A catalogue of racist taunts aimed at a group of students have sparked violent protests in Indonesia’s eastern region of Papua.

The area’s largest protests in years saw numerous buildings torched – including a jail and a market – and resulted in the Indonesian government deploying thousands of additional security officers to an area which is already the country’s most heavily militarised.

The internet has also been shut down to “restore security”, according to the Indonesian government.

But while the taunts may have been the spark, it was years of underlying resentment which provided the fuel.
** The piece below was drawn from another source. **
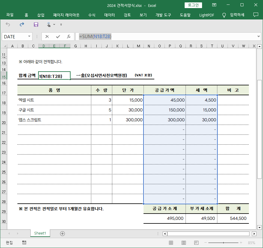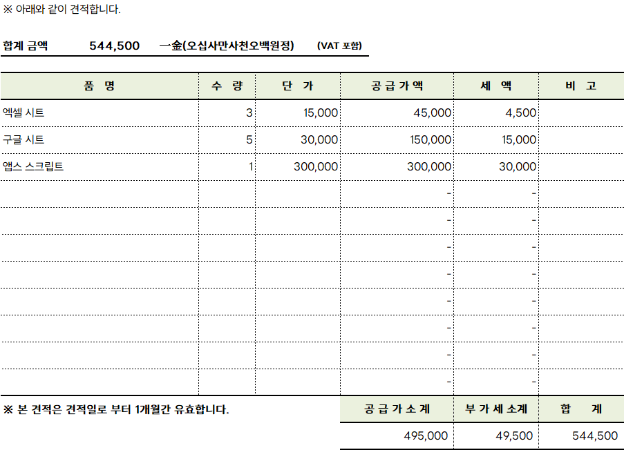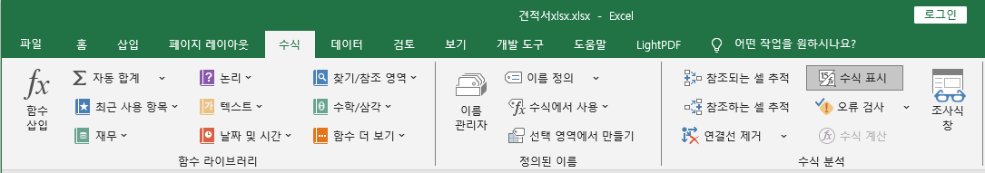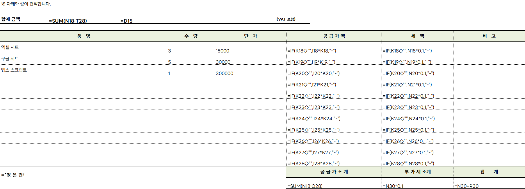 아래와 같이 견적서 작성 부분에 입력된 모든 수식을 확인 할 수 있습니다.

Papua has always had an uneasy status in Indonesia

The Indonesian government says Papua, which is divided into two provinces, Papua and West Papua, is an integral part of Indonesia and this has been recognised by the United Nations.

However, many who live in the region do not share this belief.

The former Dutch colony initially declared independence in 1961 and its annexation by Indonesia in 1969 was controversial.

And while a referendum was held and overseen by the United Nations, only about 1,000 people were allowed to vote, meaning many Papuans considered the result invalid.

As a result, a low-level separatist movement, fighting for independence, continues to this day.
The Indonesian military, meanwhile, is accused of gross human rights abuses in their attempt to suppress any form of dissent in the province.

Resentment towards central government is further fuelled by the fact that, while Papua is rich in resources, including the world’s biggest gold mine, it remains one of the poorest regions in the country. In February last year, a measles and malnutrition crisis killed at least 72 people, mostly children.